In the Lake Washington field in Plaquemines Parish, LA, the Company continued its ongoing production optimization program, performing 35 production optimization projects during the quarter and adding 62,000 Boe of production. Additionally, the planned 20 well recompletion program for 2014 began during the second quarter at Lake Washington.

Potential Transactions

The Company is currently engaged in negotiations regarding a joint venture arrangement for a portion of our natural gas properties in the Eagle Ford area, principally our natural gas properties in the Fasken area.

Swift Energy is also negotiating with prospective buyers to sell some or all of our Austin Chalk and Wilcox assets in Central Louisiana and expects to either complete a sale of some or all of these properties or pursue an ongoing development plan of its own.

Borrowing Base Reaffirmed

After a regularly scheduled semi-annual review by its 11 member bank group, Swift Energy’s borrowing base and commitment amount of $450 million was reaffirmed under its revolving credit facility effective April 30, 2014. The credit facility matures on November 1, 2017.

Price Risk Management

Swift Energy has entered into hedging transactions for the remainder of 2014 covering 12.2 Bcf of natural gas production and approximately 0.3 MMbbls of crude oil production.

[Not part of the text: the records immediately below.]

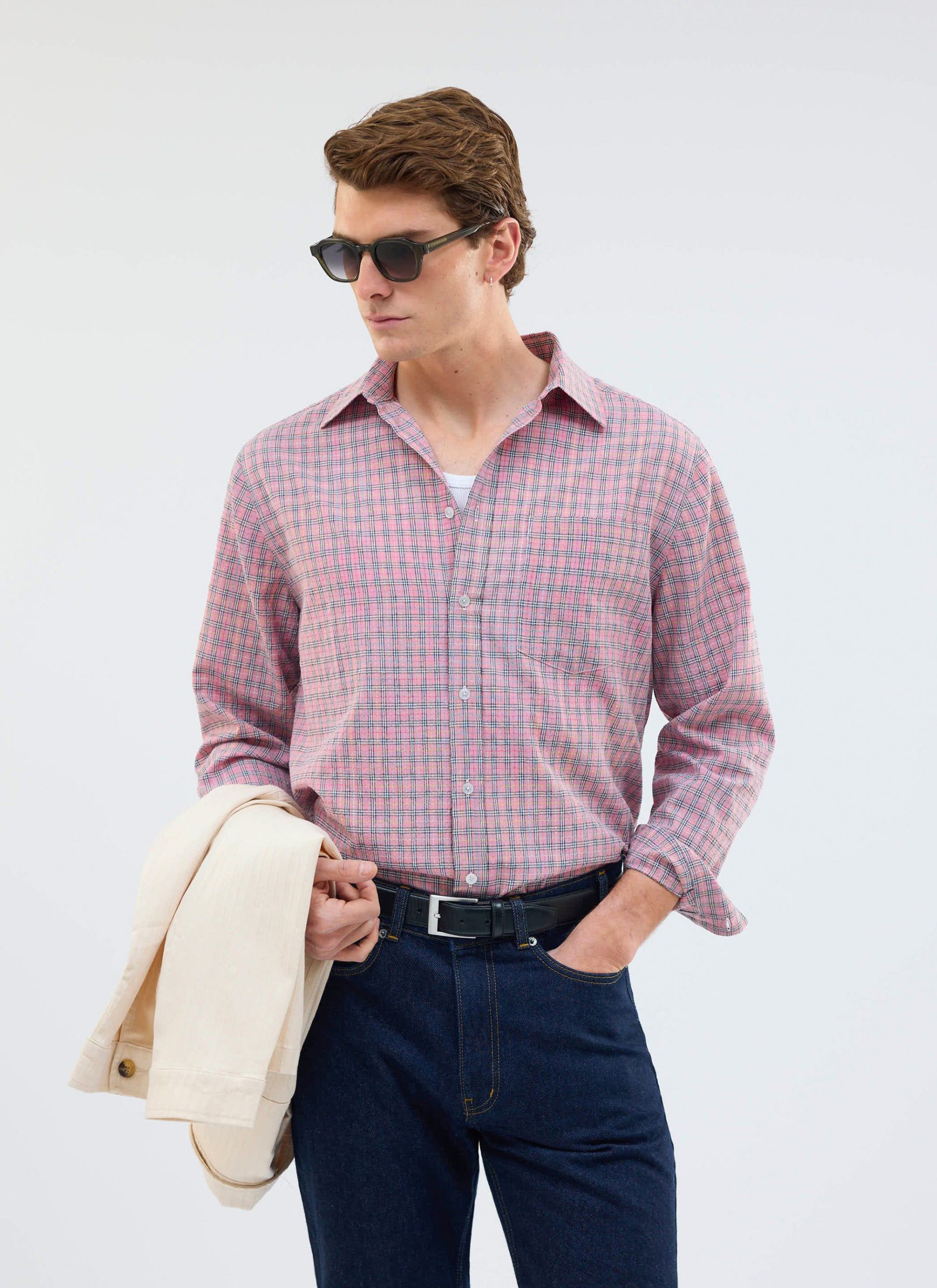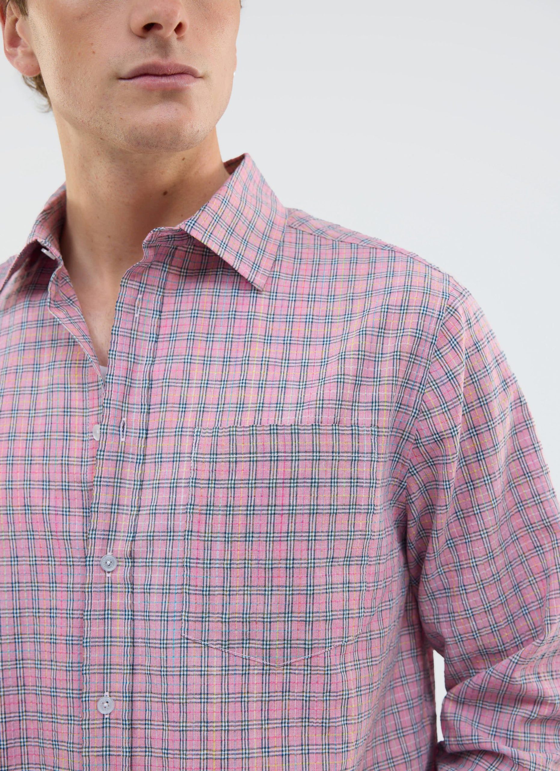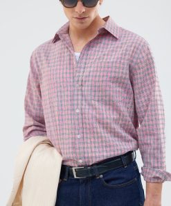 - Features: Men’s long sleeve shirt in pink, designed with a relaxed fit and crafted from a high-quality cotton blend for a durable yet lightweight feel. Featuring easily foldable cuffs, a chest pocket, custom Percival buttons, and a traditional point collar, this checkered smart casual shirt offers a sophisticated edge. Ideal for transitional months, it can be worn on its own or layered over a shirt or vest for versatile styling.
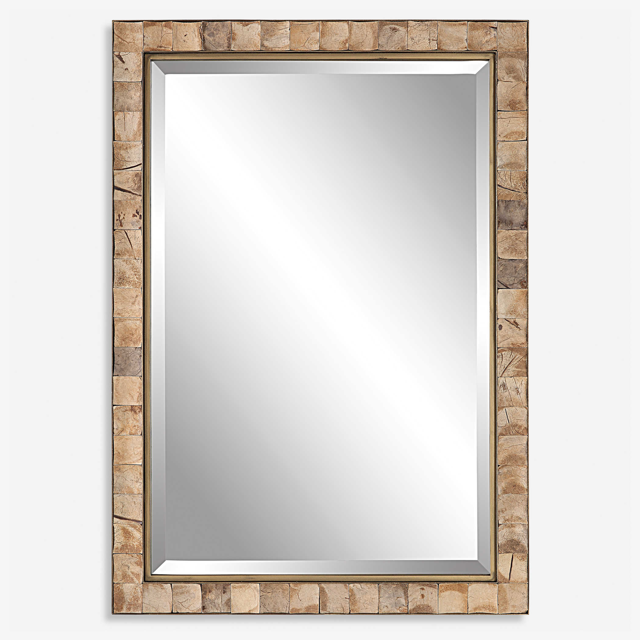 This Rectangular Mirror Showcases An Iron Strap Frame Finished In Dark Gold, Accented By Concaved, Polished Coconut Shells Inlays. Each Shell May Vary Slightly In Color, Adding To Its Authenticity And Character. The Mirror Features A Generous 1 1/4" Bevel And May Be Hung Horizontal Or Vertical.
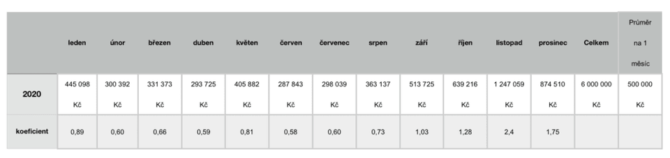 Výpočet koeficientu je velmi jednoduchý. Do tabulky si vložíme obrat firmy v jednotlivých měsících. Spočítáme průměrný obrat na jeden měsíc (celkový obrat / 12) a následně vydělíme obrat v daném měsíci průměrnou hodnotou (př. leden = 350 000 / 375 000). Takto pokračujeme pro všechny měsíce. Abychom získali finální koeficient pro jednotlivé měsíce, jednoduše jej zprůměrujeme.

On an ongoing basis, details of Swift Energy’s complete price risk management activities can be found on the Company’s website (www.swiftenergy.com).

Earnings Conference Call

Swift Energy will conduct a live conference call today, May 1, at 10:00 a.m. EDT to discuss first quarter 2014 financial results and second quarter 2014 financial and operational guidance. To participate in this conference call, dial 973-339-3086 five to ten minutes before the scheduled start time and indicate your intention to participate in the Swift Energy conference call. A digital replay of the call will be available later on May 1 until May 8, by dialing 855-859-2056 and using Conference ID # 23346137. Additionally, the conference call will be available over the Internet by accessing the Company’s website at www.swiftenergy.com and by clicking on the event hyperlink. This webcast will be available online and archived at the Company’s website.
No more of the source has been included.